■ What needs to be done: Below are entries; copy exactly, and only, the lines from the one containing "據(jù)指導(dǎo)員陸" through their final line, leaving out pictures.

[Stored data]
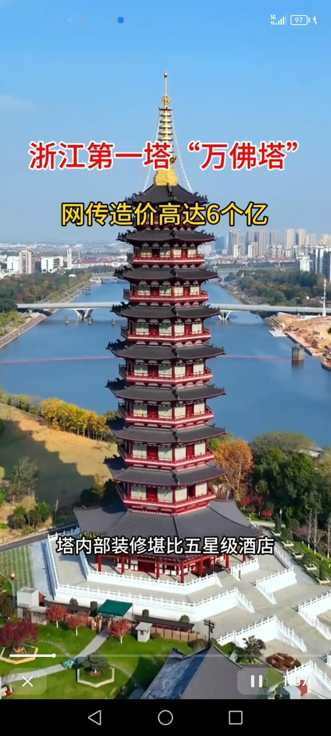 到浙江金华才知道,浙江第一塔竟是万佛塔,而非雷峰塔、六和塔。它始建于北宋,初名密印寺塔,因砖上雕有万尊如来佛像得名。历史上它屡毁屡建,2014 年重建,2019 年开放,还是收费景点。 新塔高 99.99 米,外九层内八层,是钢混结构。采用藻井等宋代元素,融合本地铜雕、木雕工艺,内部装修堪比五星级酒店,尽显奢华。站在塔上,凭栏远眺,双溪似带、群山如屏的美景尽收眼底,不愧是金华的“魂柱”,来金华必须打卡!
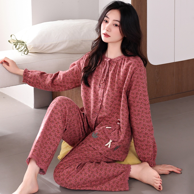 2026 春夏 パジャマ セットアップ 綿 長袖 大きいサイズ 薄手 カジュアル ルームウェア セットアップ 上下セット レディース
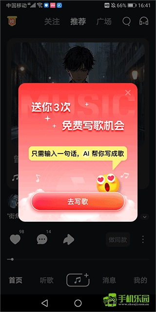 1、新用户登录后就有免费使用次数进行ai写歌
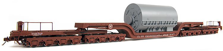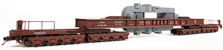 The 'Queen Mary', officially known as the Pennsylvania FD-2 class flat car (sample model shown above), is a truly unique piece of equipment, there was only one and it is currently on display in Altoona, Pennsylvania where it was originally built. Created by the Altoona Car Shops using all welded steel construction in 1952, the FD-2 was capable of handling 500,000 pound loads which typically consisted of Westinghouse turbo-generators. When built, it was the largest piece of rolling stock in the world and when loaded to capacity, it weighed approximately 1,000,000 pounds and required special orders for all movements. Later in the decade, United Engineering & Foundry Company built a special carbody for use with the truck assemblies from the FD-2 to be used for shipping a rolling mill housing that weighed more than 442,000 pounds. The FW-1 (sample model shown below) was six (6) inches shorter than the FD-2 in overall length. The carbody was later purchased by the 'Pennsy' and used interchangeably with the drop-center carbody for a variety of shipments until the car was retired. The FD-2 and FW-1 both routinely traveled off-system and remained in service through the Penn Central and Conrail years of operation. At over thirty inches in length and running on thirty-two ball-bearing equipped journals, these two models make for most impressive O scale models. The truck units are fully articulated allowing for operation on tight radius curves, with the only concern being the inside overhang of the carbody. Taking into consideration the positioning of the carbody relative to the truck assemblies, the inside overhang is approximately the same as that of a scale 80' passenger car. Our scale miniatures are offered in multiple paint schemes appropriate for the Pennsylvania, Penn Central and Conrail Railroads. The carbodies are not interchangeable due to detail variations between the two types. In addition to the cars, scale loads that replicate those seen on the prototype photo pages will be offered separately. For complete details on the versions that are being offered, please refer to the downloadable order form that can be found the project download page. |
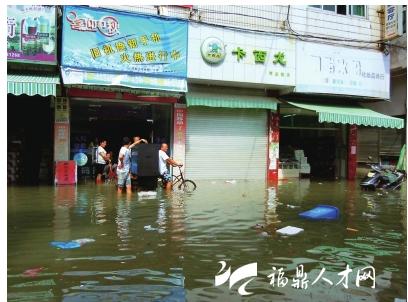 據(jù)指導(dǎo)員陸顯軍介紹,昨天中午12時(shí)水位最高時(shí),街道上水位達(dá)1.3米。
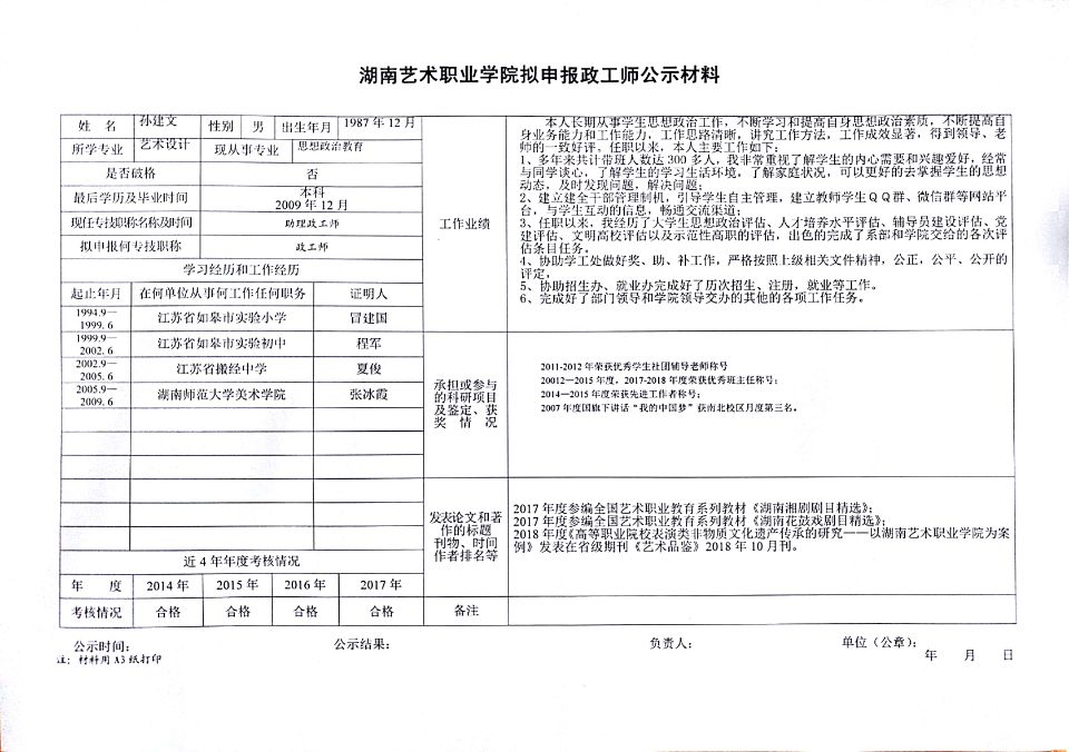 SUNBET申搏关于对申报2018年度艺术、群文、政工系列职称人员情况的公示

■ Written answer:
 據(jù)指導(dǎo)員陸顯軍介紹,昨天中午12時(shí)水位最高時(shí),街道上水位達(dá)1.3米。
 SUNBET申搏关于对申报2018年度艺术、群文、政工系列职称人员情况的公示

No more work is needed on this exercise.